Мы все до сих пор отсчитываем дни с 9 мая, как четыре года назад отсчитывали дни с 22 июня. Но ныне первыми днями победы мы датируем события, полные радости, потому что первые дни мира — это прежде всего дни великих возвращений. Возвращаем мир, и вместе с ним начинает возвращаться все, чем он прекрасен...
На тридцать шестой день победы открылся Екатерининский парк в Пушкине. Еще Пушкин весь в развалинах, но люди давно вернулись сюда, а 17 июня десятки тысяч ленинградцев вновь приехали в любимые сады только затем, чтобы бродить по «таинственным долинам», лежать на траве, смотреть на могучие деревья и буйно разросшиеся за годы войны кустарники. Так деревья и земля вновь возвращаются к человеку — не затем, чтобы маскировать его, скрывать в траншеях и ямах, а для того, чтобы радовать и утешать, как когда-то... нет, еще любовней и заботливей, чем тогда: ведь мы так истосковались по природе за эти годы.
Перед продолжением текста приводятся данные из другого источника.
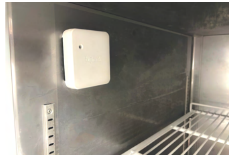
コールドキッチン

フジマックの冷蔵庫は取っ手のない一体型ドアデザインです。クラウド型温度管理システム「キッチンリンク・クラウド」も導入されています。
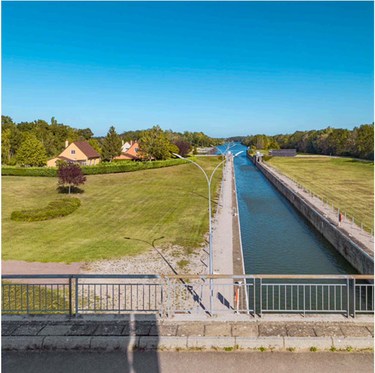
Le sas et le lotissement des employés de VNF, vus depuis le pont sur écluse.
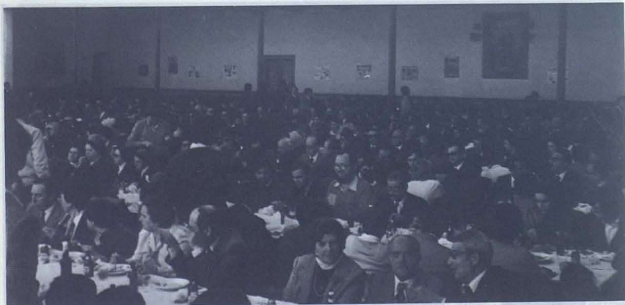
CORDOBA: El patio del Colegio Salesiano se convirtió en un inmenso restaurante para más de mil comensales de la Familia Salesiana.

¿Qué más nos han dado los Salesianos? Nos han dado la fe religiosa, el amor al Papa, el fervor. Cuando no hay fer-
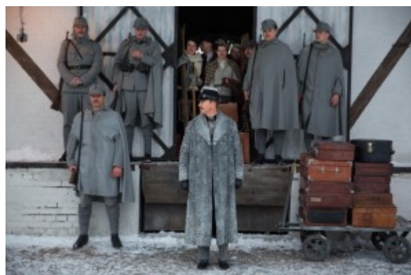
L’ispettore Henckels con la sua pattuglia
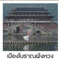
เมืองโบราณฟังหวง
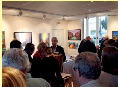
Il y avait beaucoup de monde lors du vernissage du Salon d'automne de l'AAPS qui se tient jusqu'au 4 novembre au Château de la Fresnaye.
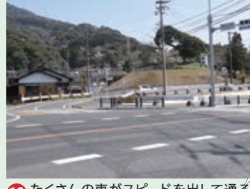
12 たくさんの車がスピードを出して通るよ。気をつけて渡ろう。
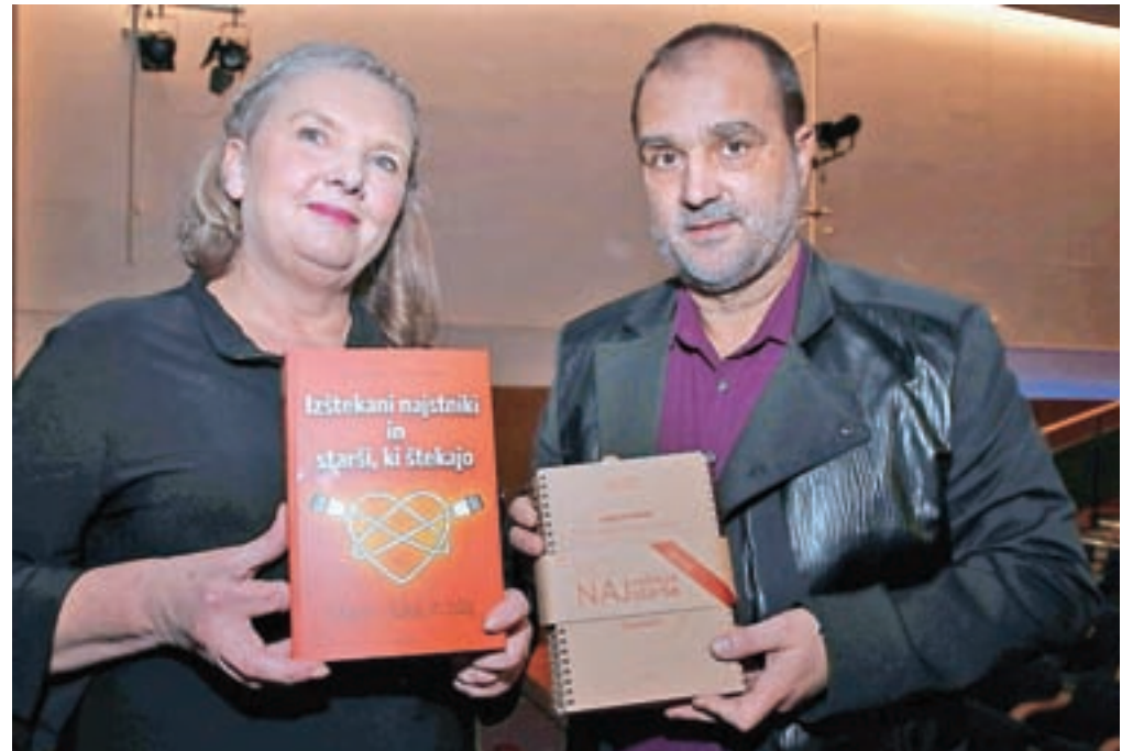
Leonida in Albert Mrgole

Pomembno se jima zdi, da na vprašanja odgovarjamo premišljeno, vsak zase (ne v paru) in da pišemo na roke. »Misli tako ne moreš kar izbrisati, kot jo lahko na računalniku. In kar zapišemo, je v nas, zato ni nič neumno ali nepotrebno. Prava vprašanja prinesejo prave odgovore. Poleg tega pa je pisanje na roko dobro za naše možgane. Povsem drugače izpade, če pomenljive stavke, kot denimo 'rad te imam', natisnemo na tipkovnico, ali pa zapišemo s svinčnikom,« pravita in poudarita, da je knjiga pravzaprav ogledalo, s katerim bralec raziskuje samega sebe. Terapevta, ki se pri svojem delu držita načela, da nikogar ne obsojata,

Еще закрыт Александровский парк — он не до конца разминирован, но в Екатерининском уже давно сровняли с землей немецкие кладбища, и юный бронзовый Пушкин вновь мечтает на своей скамье в лицейском садике, и воспетая им «Молочница», извлеченная из земли, как прежде, склонясь, сидит на камне. Правда, куда-то пропала разбитая урна, и струя, изливавшаяся из нее, ныне иссякла; но ведь поэт назвал ее «вечной струей», — скоро она заблещет вновь, скоро и она вернется.
Чудо! Не сякнет вода, изливаясь из урны разбитой...
На пятидесятый день мира в Ленинграде были подняты из земли статуи Летнего сада. Их мыли горячей водой, мочалкой и мылом, прежде чем расставить по местам, и они стоят теперь празднично белые, какие- то особенно нарядные, облитые солнцем и золотыми бликами Летнего сада.
Вот идут по дорожке Летнего молодой лейтенант и девушка, и по тому, как прижимает он к себе ее руку, как доверчиво и преданно поднимает она лицо, глядя ему в глаза, — по всем безошибочным, одинаковым, вечным, как мир, признакам, видно, что это влюбленные. Не разнимая рук, они ходят от одной статуи к другой, вместе наклоняются и читают надписи.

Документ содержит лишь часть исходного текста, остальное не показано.